# Morels for dessert



## fontzmark (Aug 13, 2000)

Anyone have any suggestions for using morels in a dessert? I am thinking of a French cheese tart, individual portions in a rustic morel laden tart shell with balsamic syrup and some kind of fresh fruit. As you can see I need help, it may not work, anyone try using mushrooms in a dessert?


----------



## w.debord (Mar 6, 2001)

Your description sounds nice but I can't label it as a dessert, it's a savory tart. 
The only way I enjoy morels is fried extra crispy or made into a sauce...just eating chopped morels sauteed, ucky. I just can't think of the flavor or texture of them mixing well with sweet flavors....best I could do is some sort of dessert strudel.


----------



## momoreg (Mar 4, 2000)

I'm in agreement here with W. I can't really imagine morels in a dessert, but if I were going to pair them with sweet ingredients, I'd probably go for dried apricots or plums.


----------



## cape chef (Jul 31, 2000)

Dear Franzmark,

I must also concure with Momo and Wendy....some things are just not designed to be overly manipulated, Morels certainly fall into this catagory.

Experimenting for experimentings sake is not always a good thing


----------



## anna w. (Nov 27, 2001)

I agree with everyone on the dessert thing but I love mushroom strudel- great appetizer or first course, you might want to try that.


----------



## shroomgirl (Aug 11, 2000)

try candycaps....they have a maple flavor and are ok in a flan.
or in an ice cream topping......Try meragine mushrooms for a dessert.
I make duxelle cigars with fillo alot. Next week morel duxelle in a shroom cap for a hodo.
**Earthy is not good for dessert.


----------



## fontzmark (Aug 13, 2000)

Thanks.It would just seem hard to do, just wanted to ask the real pros out there if they had every done anything like this.


----------



## isa (Apr 4, 2000)

What about using dried morels reduce them to powder. It might be easier to use as a dessert component.


In her book, Claudia Fleming use truffle in one of her dessert. It was to be the finale of a truffle tasting menu. She made a rice pudding, a risotto really, made with Arborio rice and flavoured with vanilla. She suggest using 1/2 to 1 ounce of winter truffle for 6 to 8 servings.


----------



## m brown (May 29, 1999)

whoa, cheese is earthy and savory but we enjoy it as a type of dessert!!!!

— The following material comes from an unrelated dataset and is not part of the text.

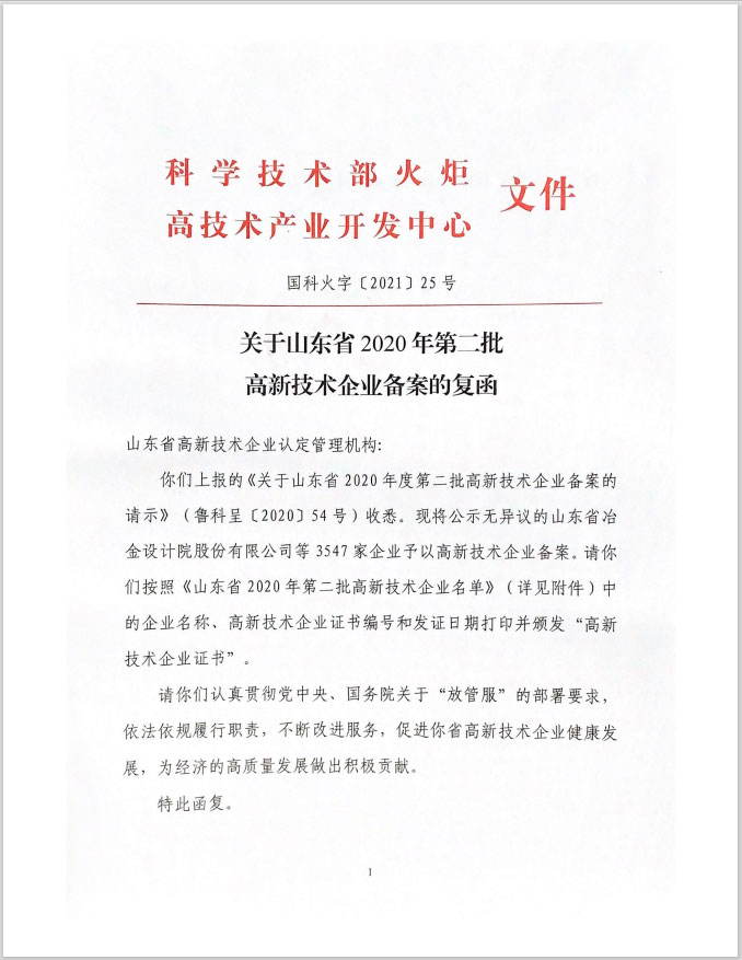 《关于山东省2020年第二批高新技术企业备案的复函》

yes, go for a savory morel (sautee the morel with medira and sweet onion)and cheese tart with port soaked dried fruits, a red wine reduction and sweet and spicy nut bread, even a little baklava would fit into this very exotic dessert course taking the pallet from savory to sweet!

morels are a little slice of heaven~

the powder could be used in a tuille!:bounce:


----------